A specific object of the invention is to provide non-gelling, stable suspensions of built-up heavy duty non-aqueous liquid nonionic detergent detergent compositions containing an effective amount of an amphoteric detergent sufficient to enhance the cleaning performance of strengthen the composition at high temperature.

These other objects of the invention are achieved by providing a non-aqueous liquid laundry detergent composition, which soils dirty fabrics in an aqueous washing liquid at elevated temperatures of at least about 60 ° C to about 90 ° C and higher to the boiling temperature of water of about 100 ° C can wash, which composition contains a nonionic surfactant, as well as amphoteric surfactant in sufficient amount to enhance the cleaning performance of the nonionic surfactant at elevated temperatures.

<88 02 145 -13-

These objectives are achieved by preparing a detergent composition by adding to the non-aqueous liquid non-ionic surfactant an effective amount of an amphoteric detergent agent which is sufficient to enhance the high temperature cleaning performance of the composition. In a preferred embodiment of the invention, the composition contains inorganic or organic fiber-treating additives, for example, viseosity improvers to one or more anti-gelling agents, anti-settling agents, anti-crusting agents, pH control agents, bleaching agents, bleach activators, anti-foaming agents , optical brighteners, enzymes, anti-redeposition agents, perfume and dyes.

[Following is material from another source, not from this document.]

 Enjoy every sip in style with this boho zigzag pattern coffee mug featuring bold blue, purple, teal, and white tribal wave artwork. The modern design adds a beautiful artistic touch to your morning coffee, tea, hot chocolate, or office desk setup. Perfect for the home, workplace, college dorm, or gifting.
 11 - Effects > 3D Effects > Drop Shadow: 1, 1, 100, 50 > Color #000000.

The invention, by the addition of the amphoteric surfactant, allows the use of the less expensive and readily available nonionic surfactants and requires significantly less amounts of the surfactants to obtain an equivalent or better cleaning behavior at elevated temperatures.

In accordance with the invention, the cleaning performance of a non-aqueous nonionic surfactant detergent composition is significantly improved by the addition of an effective amount of an amphoteric detergent compound.

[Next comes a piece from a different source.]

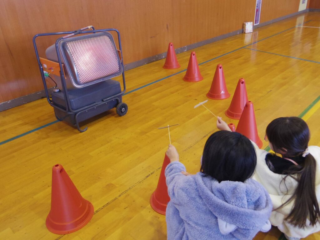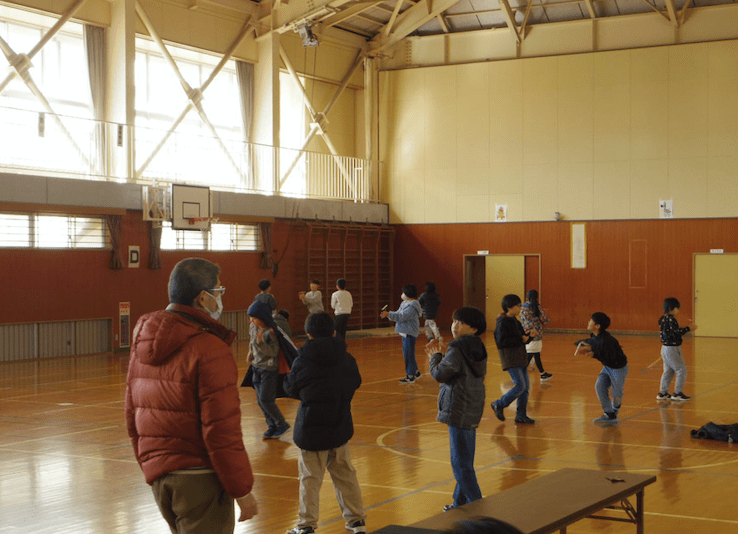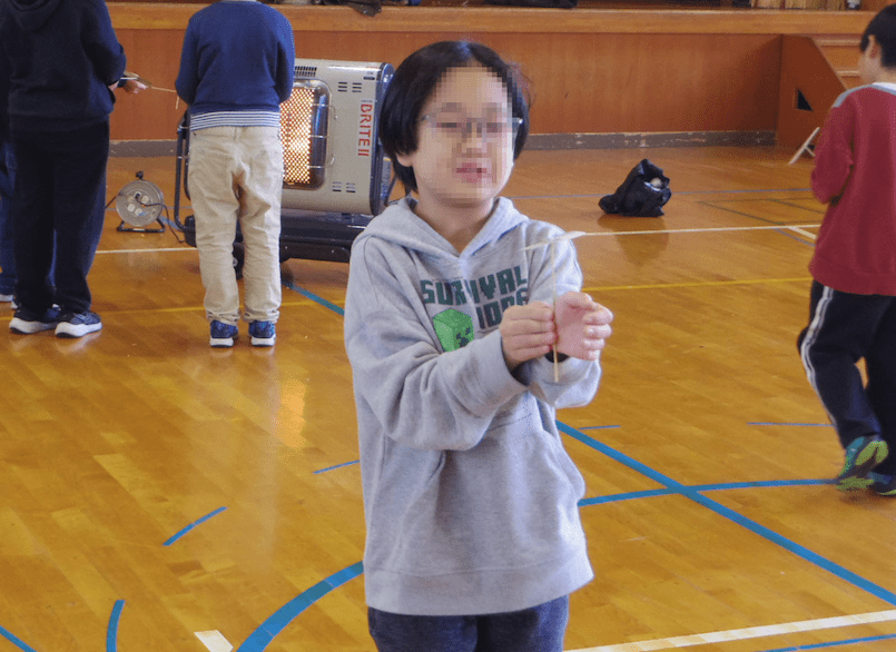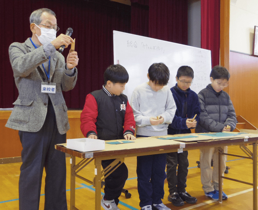 今日は講師の先生をお呼びして、3年生が竹とんぼづくりをしました。総合学習で地域のお宝探しをする過程で、丸山地区には竹が多いことを知り、竹を使った遊びをしたいという子どもたちの思いからこの授業を企画しました。

The addition of relatively small amounts of the amphoteric detergent to the detergent compositions is sufficient to markedly improve the cleaning performance of the detergent compositions at high temperature.

The compositions of the invention contain as an essential ingredient an amphoteric surfactant compound.

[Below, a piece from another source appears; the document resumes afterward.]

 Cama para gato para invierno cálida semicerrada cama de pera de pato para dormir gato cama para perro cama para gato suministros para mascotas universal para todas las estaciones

It was unexpectedly found that the cleaning behavior of non-aqueous liquid non-ionic capillary. High temperature active detergent compositions can be markedly improved by adding an amphoteric surfactant, for example, a carboxyethylated higher fatty alkyl (e.g., coco) imidazoline 5 amphoteric compound.

The amphoteric surfactant compound can be added to the composition in an amount of 2-30 wt%, preferably, preferably 2-20 wt%, most preferably 3-10 wt%, based on the composition.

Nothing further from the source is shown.